Task goal | What needs reproducing is the run of lines in the data below starting at the line with "半袖ニット フレンチスリーブ 二の腕カバー" and ending at the line with "New Zealand’s first", both ends included. Copy it exactly, without pictures, and add nothing.
[[ Data supplied open ]]
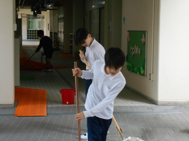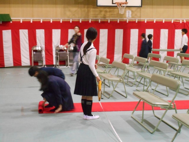 講堂での会場づくりや正門付近から講堂までの廊下のそうじ、
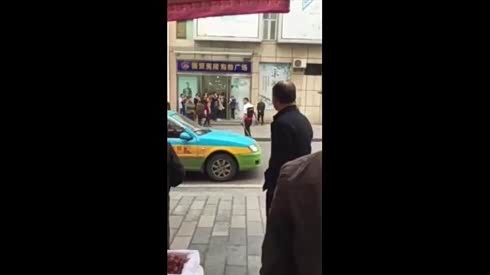 湖北宜昌惊现一男子怒砸警车 特警拔枪将其制服(一)
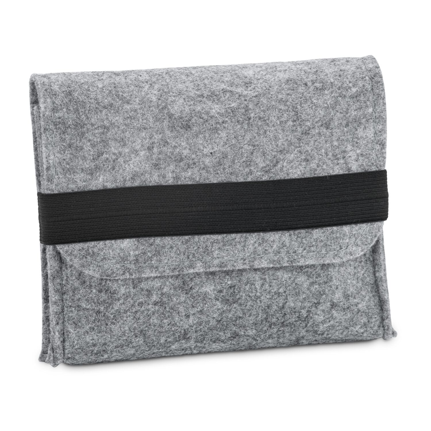 Hochwertige Filztasche als moderner Organizer mit Gummiverschluss, stilvoll meliertes Hellgrau, handliches, praktisches Design, ideal zur Aufbewahrung von Kabeln, externen Festplatten, USB-Sticks oder anderen Kleinigkeiten (veganer Filz aus 100 % recyceltem PET, zertifiziert nach Global Recycling Standard)
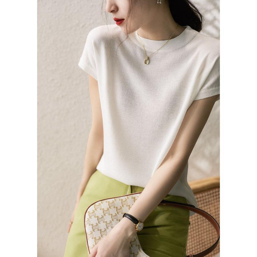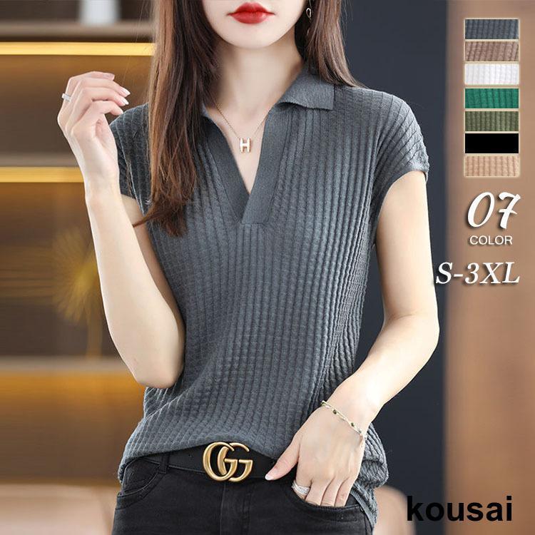 半袖ニット フレンチスリーブ 二の腕カバー トップス パフスリーブ ニット シャツ カットソー 半袖 シンプル 涼しい きれいめ サマーニット
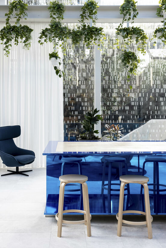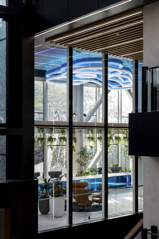 New Zealand’s first platinum WELL certification prioritises staff to be their best and therefore the best for their colleagues and customers. Authorship of space ensures the freedom of mobility and autonomy to craft and adapt the workspace to match the activities in each team’s neighbourhood. The adoption of scaffold-like framing and demountable whiteboards create workshops for agile collaboration allowing staff greater control and influence on their space. Showcasing activities that engage with the community are positioned front and centre to welcome guests with interactive screen technologies and oversized architecture like the balancing blue chrome metal ‘I’ beam and illuminated logo reminiscent of the bat-signal.
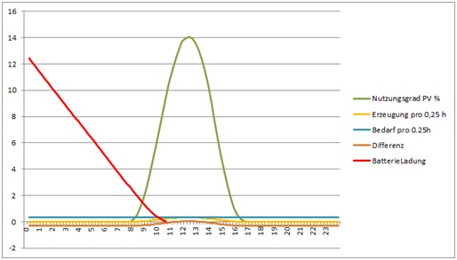 Bild 4. Simulation des Verlaufs von FV-Erzeugung, Nutzungsgrad, Strombedarf und Batterieladung in 15-min Schritten am 1. Januar 2013. An diesem Tag lag der Nutzungsgrad der Solaranlage bei 2,6 %, deutlich besser als der Monatsdurchschnitt von 1,6 %.
[[ Data supplied closed ]]
Solution for this problem |
 半袖ニット フレンチスリーブ 二の腕カバー トップス パフスリーブ ニット シャツ カットソー 半袖 シンプル 涼しい きれいめ サマーニット
 New Zealand’s first platinum WELL certification prioritises staff to be their best and therefore the best for their colleagues and customers. Authorship of space ensures the freedom of mobility and autonomy to craft and adapt the workspace to match the activities in each team’s neighbourhood. The adoption of scaffold-like framing and demountable whiteboards create workshops for agile collaboration allowing staff greater control and influence on their space. Showcasing activities that engage with the community are positioned front and centre to welcome guests with interactive screen technologies and oversized architecture like the balancing blue chrome metal ‘I’ beam and illuminated logo reminiscent of the bat-signal.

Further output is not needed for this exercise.